Sahte reçete yolsuzluğunda meselenin yine yapısal olduğunu anlatan Ersoy, sağlığın özelleştirilmesiyle, ilaç tedariğinin piyasalaştırılmasıyla ve kamunun küçültülerek denetim mekanizmasının sakatlanmasıyla yolsuzluğun önünün açıldığını vurguladı. 2018 yılından itibaren sigorta reçetesini yazma yetkisinin sadece özel hastane doktorlarına veya serbest çalışan hekimlere verildiğini anlatan Ersoy, sistemin açığını bulup bundan faydalanmak an meselesi oldu dedi.
Kamusal Fayda Üzerine Kurulu Bir Anlayış Sorunlarımızı Çözecektir
Eskiden kamu eliyle işletilen eczanelerin olduğunu hatırlatan Ersoy, günümüzde bakkal mantığında her köşede bir eczanenin olduğunu, ilaç tedariğinin kar güdüsüne teslim edildiğini söyledi. Kamuda denetleme mekanizmasının da bilerek zayıf bırakıldığını söyleyen Ersoy, istihdamının da siyasi erkin yandaşlarını istihdam ettiği yer haline geliyor dedi. Kurtulmamız gerekenin piyasacı mantığı olduğunu söyleyen Ersoy, kamusal fayda üzerine kurulu bir anlayış sorunlarımızı çözecektir ifadelerini kullandı. Ersoy, Bağımsızlık Yolu’nun programında da eğitimden sağlığa ulaşımdan enerjiye her konuda kamucu anlayışın savunulduğunu söyledi.
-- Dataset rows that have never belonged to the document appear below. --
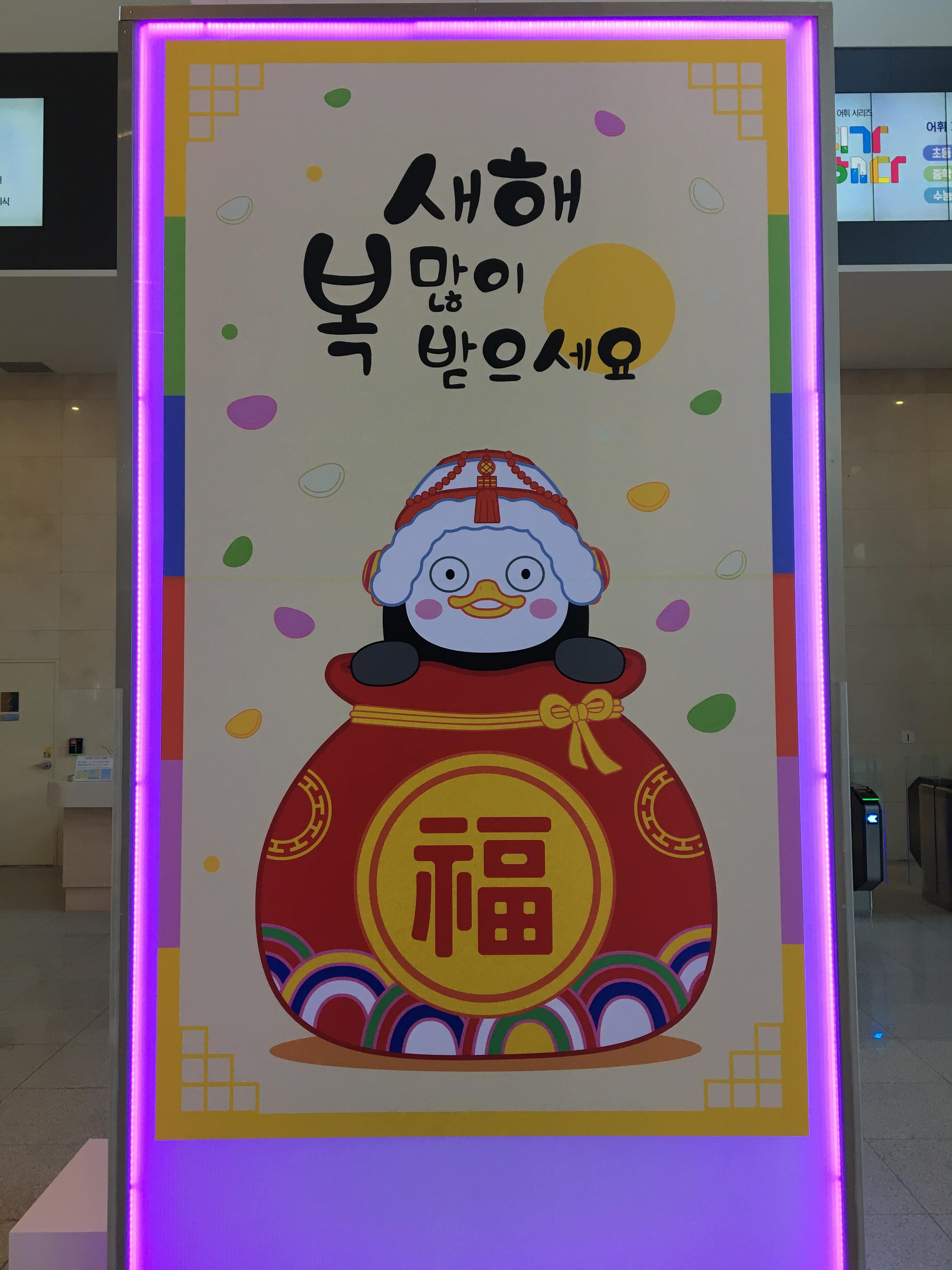 좀 있으면 구정이라 그런지 기둥에는 새해복많이 받으세요라고 꾸며져 있습니다.
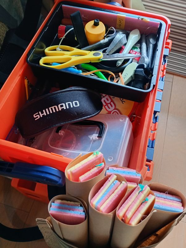 タックルケースと、配布用仕掛け18本。もう夏近いし偏光サングラスや日焼け止めは必須。
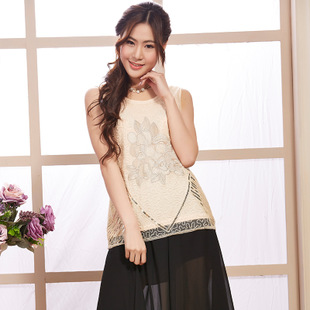 2015春夏新款蕾絲網紗立體花寬肩大碼背心打底衫女 批發 /

Kamu okullarına ayrılması gereken kaynakların özel okullara teşvik, muafiyet adı altında verildiğine dikkat çeken Ersoy, kamu okullarının sorunlarının yumak halinde büyümesinin sebebinin bu olduğunu anlattı. Holdingleşmiş üniversitelerin kurumlar vergisi vermediğini de anlatan Ersoy, derhal kurumlar vergisinin alınması gerektiğini vurguladı. Ersoy, eğitimin paranın tanrı olduğu yasaya bırakılamayacağını, panzehrinin de kamuculuk, toplumsal fayda olduğunu yineledi.